■ RECORDED DATA ■
--- START ---

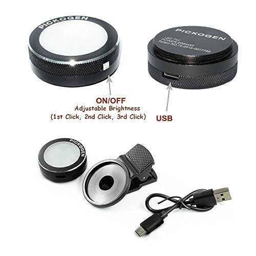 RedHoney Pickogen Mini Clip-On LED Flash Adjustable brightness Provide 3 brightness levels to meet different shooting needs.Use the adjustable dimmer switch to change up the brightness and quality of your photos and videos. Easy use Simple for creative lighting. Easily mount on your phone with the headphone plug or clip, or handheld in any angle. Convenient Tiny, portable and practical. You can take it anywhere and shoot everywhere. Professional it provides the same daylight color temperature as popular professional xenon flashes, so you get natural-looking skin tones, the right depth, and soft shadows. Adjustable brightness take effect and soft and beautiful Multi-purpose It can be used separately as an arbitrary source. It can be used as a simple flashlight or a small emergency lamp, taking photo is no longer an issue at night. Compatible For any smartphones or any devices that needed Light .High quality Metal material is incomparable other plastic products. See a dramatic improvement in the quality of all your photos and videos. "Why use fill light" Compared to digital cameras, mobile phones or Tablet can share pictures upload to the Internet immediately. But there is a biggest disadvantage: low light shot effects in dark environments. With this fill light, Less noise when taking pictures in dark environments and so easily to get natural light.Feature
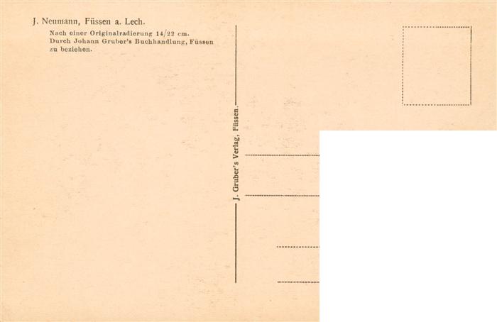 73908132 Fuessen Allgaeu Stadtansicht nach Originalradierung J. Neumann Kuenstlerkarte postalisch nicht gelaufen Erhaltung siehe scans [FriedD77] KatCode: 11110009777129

--- END ---
--- START ---

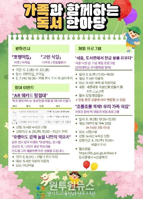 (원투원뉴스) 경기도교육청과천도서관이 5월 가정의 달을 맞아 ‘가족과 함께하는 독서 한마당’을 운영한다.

--- END ---

Among the entries above, copy exactly the stretch from the line holding "RedHoney Pickogen Mini" through the line holding "73908132 Fuessen Allgaeu", leaving out any pictures.

■ RESULT OF THIS EXERCISE ■
 RedHoney Pickogen Mini Clip-On LED Flash Adjustable brightness Provide 3 brightness levels to meet different shooting needs.Use the adjustable dimmer switch to change up the brightness and quality of your photos and videos. Easy use Simple for creative lighting. Easily mount on your phone with the headphone plug or clip, or handheld in any angle. Convenient Tiny, portable and practical. You can take it anywhere and shoot everywhere. Professional it provides the same daylight color temperature as popular professional xenon flashes, so you get natural-looking skin tones, the right depth, and soft shadows. Adjustable brightness take effect and soft and beautiful Multi-purpose It can be used separately as an arbitrary source. It can be used as a simple flashlight or a small emergency lamp, taking photo is no longer an issue at night. Compatible For any smartphones or any devices that needed Light .High quality Metal material is incomparable other plastic products. See a dramatic improvement in the quality of all your photos and videos. "Why use fill light" Compared to digital cameras, mobile phones or Tablet can share pictures upload to the Internet immediately. But there is a biggest disadvantage: low light shot effects in dark environments. With this fill light, Less noise when taking pictures in dark environments and so easily to get natural light.Feature
 73908132 Fuessen Allgaeu Stadtansicht nach Originalradierung J. Neumann Kuenstlerkarte postalisch nicht gelaufen Erhaltung siehe scans [FriedD77] KatCode: 11110009777129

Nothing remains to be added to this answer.